[TASK STATEMENT]: Copy out the data below from the line containing "我公司承建的青州泰华城嘟嘟熊" to the line containing "周斌在講話時深入分析了現(x", both lines included, with all images left out.

[DATA IN THIS EXERCISE]:

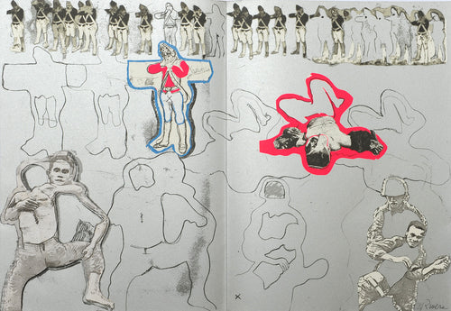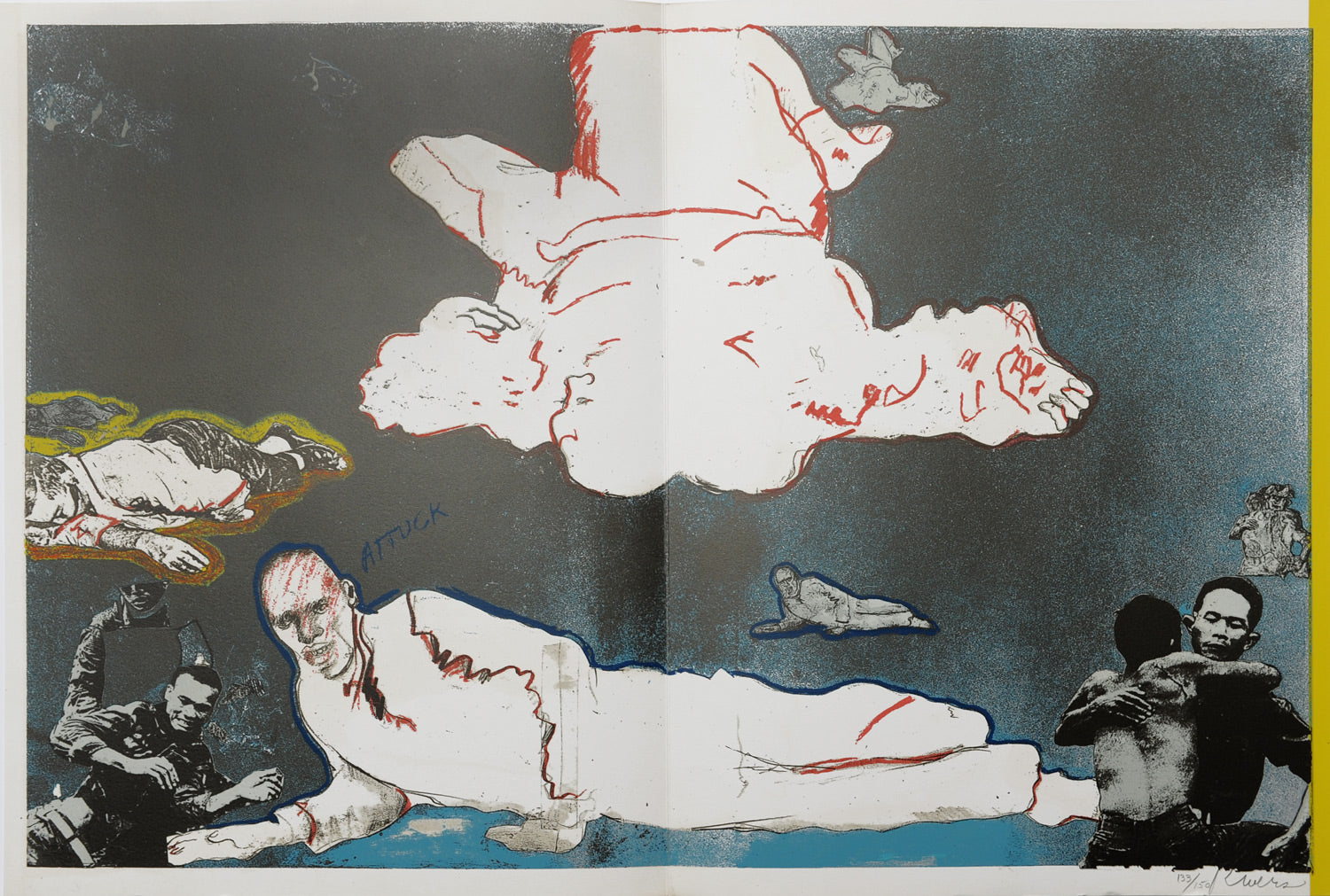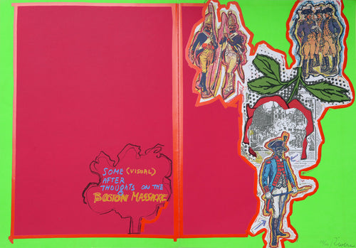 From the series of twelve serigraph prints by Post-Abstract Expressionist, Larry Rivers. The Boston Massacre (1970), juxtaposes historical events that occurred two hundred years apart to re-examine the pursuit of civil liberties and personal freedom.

==

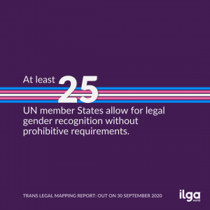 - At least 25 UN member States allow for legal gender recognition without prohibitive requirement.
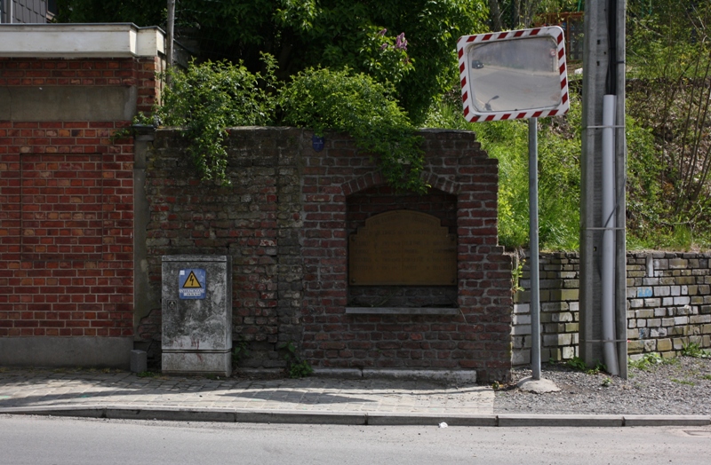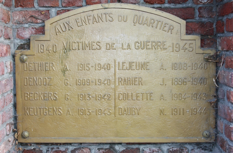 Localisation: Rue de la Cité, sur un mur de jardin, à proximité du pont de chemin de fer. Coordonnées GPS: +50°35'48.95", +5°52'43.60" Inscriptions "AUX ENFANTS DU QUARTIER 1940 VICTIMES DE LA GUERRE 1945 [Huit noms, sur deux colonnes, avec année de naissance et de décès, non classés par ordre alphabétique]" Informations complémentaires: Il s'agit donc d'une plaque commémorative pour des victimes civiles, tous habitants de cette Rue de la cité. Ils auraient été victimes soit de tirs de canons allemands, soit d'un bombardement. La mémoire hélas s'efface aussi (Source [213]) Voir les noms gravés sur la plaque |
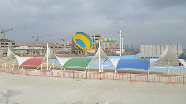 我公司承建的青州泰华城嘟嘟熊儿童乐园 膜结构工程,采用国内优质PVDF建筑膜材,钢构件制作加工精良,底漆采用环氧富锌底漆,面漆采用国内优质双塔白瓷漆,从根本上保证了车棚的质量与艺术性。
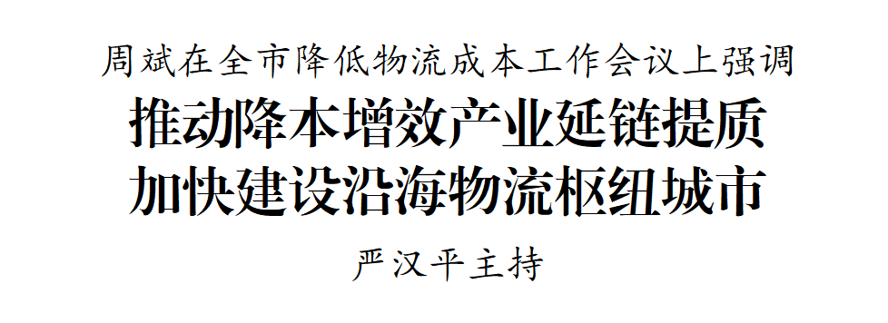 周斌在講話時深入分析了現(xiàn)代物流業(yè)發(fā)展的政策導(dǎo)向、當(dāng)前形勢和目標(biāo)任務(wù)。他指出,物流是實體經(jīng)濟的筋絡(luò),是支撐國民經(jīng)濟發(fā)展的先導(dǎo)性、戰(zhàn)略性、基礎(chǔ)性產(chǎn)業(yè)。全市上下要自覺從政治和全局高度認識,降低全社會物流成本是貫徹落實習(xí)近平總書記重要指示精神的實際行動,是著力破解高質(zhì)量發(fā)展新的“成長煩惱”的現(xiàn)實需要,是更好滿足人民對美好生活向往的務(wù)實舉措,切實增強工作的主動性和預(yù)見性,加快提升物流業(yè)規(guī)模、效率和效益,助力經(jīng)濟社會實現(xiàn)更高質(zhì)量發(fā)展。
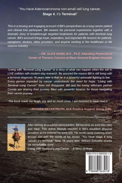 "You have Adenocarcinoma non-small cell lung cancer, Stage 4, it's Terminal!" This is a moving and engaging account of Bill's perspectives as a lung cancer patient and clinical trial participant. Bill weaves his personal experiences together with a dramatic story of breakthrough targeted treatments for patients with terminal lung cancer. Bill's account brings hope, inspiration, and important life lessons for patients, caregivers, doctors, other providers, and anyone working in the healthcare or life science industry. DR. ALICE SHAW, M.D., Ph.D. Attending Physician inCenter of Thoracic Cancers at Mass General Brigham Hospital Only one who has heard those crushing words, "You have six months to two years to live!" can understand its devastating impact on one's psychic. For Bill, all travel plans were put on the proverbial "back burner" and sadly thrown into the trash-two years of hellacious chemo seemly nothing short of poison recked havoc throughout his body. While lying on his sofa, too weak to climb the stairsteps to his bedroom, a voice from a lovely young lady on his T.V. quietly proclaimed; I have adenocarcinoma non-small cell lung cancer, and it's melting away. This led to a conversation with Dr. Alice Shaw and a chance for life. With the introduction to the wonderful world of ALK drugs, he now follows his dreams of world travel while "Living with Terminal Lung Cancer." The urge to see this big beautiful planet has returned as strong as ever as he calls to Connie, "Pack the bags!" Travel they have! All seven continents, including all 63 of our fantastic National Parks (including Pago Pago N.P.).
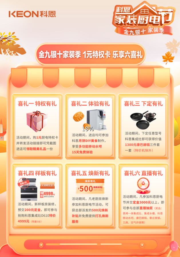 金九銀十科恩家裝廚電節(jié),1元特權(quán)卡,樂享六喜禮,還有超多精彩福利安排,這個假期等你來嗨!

[PROBLEM SOLUTION]:
 我公司承建的青州泰华城嘟嘟熊儿童乐园 膜结构工程,采用国内优质PVDF建筑膜材,钢构件制作加工精良,底漆采用环氧富锌底漆,面漆采用国内优质双塔白瓷漆,从根本上保证了车棚的质量与艺术性。
 周斌在講話時深入分析了現(xiàn)代物流業(yè)發(fā)展的政策導(dǎo)向、當(dāng)前形勢和目標(biāo)任務(wù)。他指出,物流是實體經(jīng)濟的筋絡(luò),是支撐國民經(jīng)濟發(fā)展的先導(dǎo)性、戰(zhàn)略性、基礎(chǔ)性產(chǎn)業(yè)。全市上下要自覺從政治和全局高度認識,降低全社會物流成本是貫徹落實習(xí)近平總書記重要指示精神的實際行動,是著力破解高質(zhì)量發(fā)展新的“成長煩惱”的現(xiàn)實需要,是更好滿足人民對美好生活向往的務(wù)實舉措,切實增強工作的主動性和預(yù)見性,加快提升物流業(yè)規(guī)模、效率和效益,助力經(jīng)濟社會實現(xiàn)更高質(zhì)量發(fā)展。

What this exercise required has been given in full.